From: Jakub Kicinski <kuba@kernel.org>
To: "Björn Töpel" <bjorn@kernel.org>
Cc: Alexander Duyck <alexanderduyck@fb.com>,
kernel-team@meta.com, Andrew Lunn <andrew+netdev@lunn.ch>,
"David S. Miller" <davem@davemloft.net>,
Eric Dumazet <edumazet@google.com>,
Paolo Abeni <pabeni@redhat.com>, Shuah Khan <shuah@kernel.org>,
netdev@vger.kernel.org, Jacob Keller <jacob.e.keller@intel.com>,
Mohsin Bashir <mohsin.bashr@gmail.com>,
"Mike Marciniszyn (Meta)" <mike.marciniszyn@gmail.com>,
Pavel Begunkov <asml.silence@gmail.com>,
linux-kernel@vger.kernel.org, linux-kselftest@vger.kernel.org
Subject: Re: [PATCH net-next 2/3] fbnic: Support larger zcrx receive buffers
Date: Fri, 22 May 2026 07:03:01 -0700 [thread overview]
Message-ID: <20260522070301.52c2d1b9@kernel.org> (raw)
In-Reply-To: <20260522113225.241337-3-bjorn@kernel.org>
On Fri, 22 May 2026 13:32:21 +0200 Björn Töpel wrote:
> io_uring zcrx can provide receive buffers larger than PAGE_SIZE
> through QCFG_RX_PAGE_SIZE. Advertise the parameter and use the
> configured size when creating the PPQ page pool.
>
> The NIC still consumes PPQ buffers as 4 KiB BDQ fragments. For larger
> zcrx buffers, allocate the page pool with the requested order and set
> the PPQ fragment shift from rx_page_size, so one net_iov can cover
> multiple hardware fragments.
>
> The core validates the zcrx request and checks that the imported
> memory can be represented as rx_buf_len-sized DMA chunks. Fbnic still
> has to validate the rendered queue configuration against its own BDQ
> geometry: larger receive buffers consume multiple 4 KiB PPQ entries,
> and the PPQ must retain usable depth after that expansion.
>
> Use the rendered per-queue rx_page_size on the normal open path as
> well. This preserves a memory-provider binding made while the netdev
> is down instead of falling back to the default PPQ geometry on open.
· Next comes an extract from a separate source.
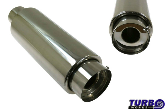 Uniwersalny tłumik sportowy o konstrukcji przelotowej firmy TURBOWORKS. Tłumiki tej firmy wyróżniają się najlepszym na rynku stosunkiem jakości do ceny. W całości wykonany ze jest ze stali nierdzewnej, polerowanej.

> +static u32 fbnic_qcfg_rx_page_size(const struct netdev_queue_config *qcfg)
> +{
> + return qcfg->rx_page_size ?: PAGE_SIZE;
Isn't there a callback to set the defaults so that the driver doesn't
have to do this sort of stuff?
> +}
> +
> +static u32 fbnic_rx_page_frag_count(u32 rx_page_size)
> +{
> + return rx_page_size / FBNIC_BD_FRAG_SIZE;
> +}
> +
> +static u8 fbnic_rx_page_frag_shift(u32 rx_page_size)
> +{
> + return ilog2(fbnic_rx_page_frag_count(rx_page_size));
> +}
> +
> +static int fbnic_validate_rx_page_size(struct fbnic_net *fbn, u32 rx_page_size,
> + struct netlink_ext_ack *extack)
> +{
> + u32 frag_count, ppq_bufs;
> +
> + if (!is_power_of_2(rx_page_size)) {
> + NL_SET_ERR_MSG_MOD(extack,
> + "rx_page_size must be a power of 2");
> + return -EINVAL;
> + }
> +
> + if (rx_page_size < PAGE_SIZE) {
If the PAGE_SIZE == 64kB it should be fine to have smaller frags, no?
Or something breaks?
> + NL_SET_ERR_MSG_MOD(extack,
> + "rx_page_size must be at least PAGE_SIZE");
> + return -EINVAL;
> + }
> +
> + if (!IS_ALIGNED(rx_page_size, FBNIC_BD_FRAG_SIZE)) {
> + NL_SET_ERR_MSG_MOD(extack,
> + "rx_page_size must be 4K aligned");
"multiple" is probably a better word than "aligned" for size params?
> + return -EINVAL;
> + }
> +
> + frag_count = fbnic_rx_page_frag_count(rx_page_size);
> + ppq_bufs = fbn->ppq_size / frag_count;
> + /* The PPQ is sized in 4K hardware fragments, but the software ring
> + * has one entry per page-pool allocation. Keep at least two entries so
> + * empty/full ring accounting still leaves one postable buffer.
> + */
> + if (ppq_bufs < 2) {
> + NL_SET_ERR_MSG_MOD(extack,
> + "rx_page_size leaves too few PPQ buffers");
Maybe "rx-jumbo ring size too small for rx_page_size" ?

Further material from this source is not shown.